I read an interesting blog yesterday by Christopher Mims, a blogger who writes for MIT Technology Review and other publications. In it, Mims poses a question that has puzzled me recently. Six times more U.S. households are online today than during the dotcom era, but why have we not experienced a second Internet bubble? Where is the inflation we experienced in the early days, and why are there no crazy speculative investors throwing money at companies destined to create wallpaper stock?
One could assume it is because lessons were learned. But, come on, this is about money. The American investment community gets real irrational real fast about entire sectors when one company has a favorable exit of any kind. Late money -- dumb money -- is never beyond the reach of hungry entrepreneurs who can point to the latest market forecasts and woo investors with the potential return of gaining only a fractional percentage of a multi-billion dollar market forecast. I've experienced it myself as the COO of an early stage company with no profit and barely enough revenue to buy coffee cups listening to otherwise intelligent investment bankers from leading global firms telling the company why we should choose them for our IPO.
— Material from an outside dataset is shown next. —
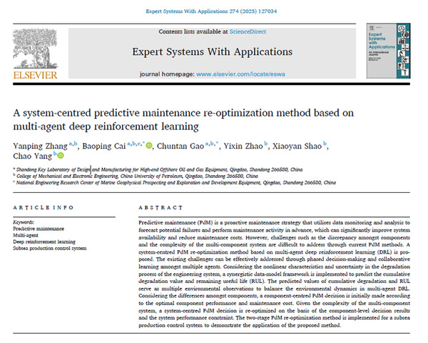 近日,机械工程专业博士研究生张妍平在海洋石油装备预测性维修优化方法方面取得重要进展,相关研究成果《基于多智能体深度强化学习的系统中心化预测性维修二次优化方法》(A system-centred predictive maintenance re-optimization method based on multi-agent deep reinforcement learning)发表在《Expert Systems With Applications》。《Expert Systems With Applications》是计算机科学和人工智能领域的国际顶级期刊,目前影响因子为7.5。论文第一作者为博士研究生张妍平,通讯作者为蔡宝平教授,中国石油大学(华东)为第一署名单位和唯一通讯单位。该研究得到了国家重点研发计划、国家自然科学基金、工信部高技术船舶科研项目及山东省杰出青年基金项目的联合资助。
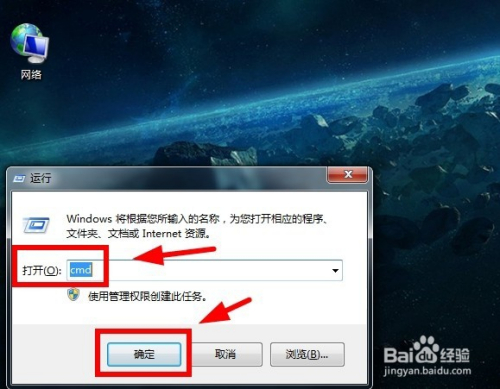 最后,按住键盘“Windows + R”键,在运行窗口输入“cmd”,进入号令提醒符中,点击“确定”

Mims points to the work of Shane Greenstein, an economist at Northwestern University. Writing for the IEEE Spectrum, Greenstein cites serval interesting points, two of which ring particularly true to me:
1. For all the negative memories we harbor, the dot.com era created incredible new e-commerce successes like Amazon, eBay and Expedia that generated significant value, and
2. The second wave of internet business has not been about value creation, but cannibalization of brick and mortar retail.
If you believe the past helps us define the future, you will be interested in the very negative impact of the Internet that Greenstein describes. He and Mims have a lot more to say on the topic. It's a good assessment that reinforces what we know -- real value usually is borne of innovation and effort not remodeling.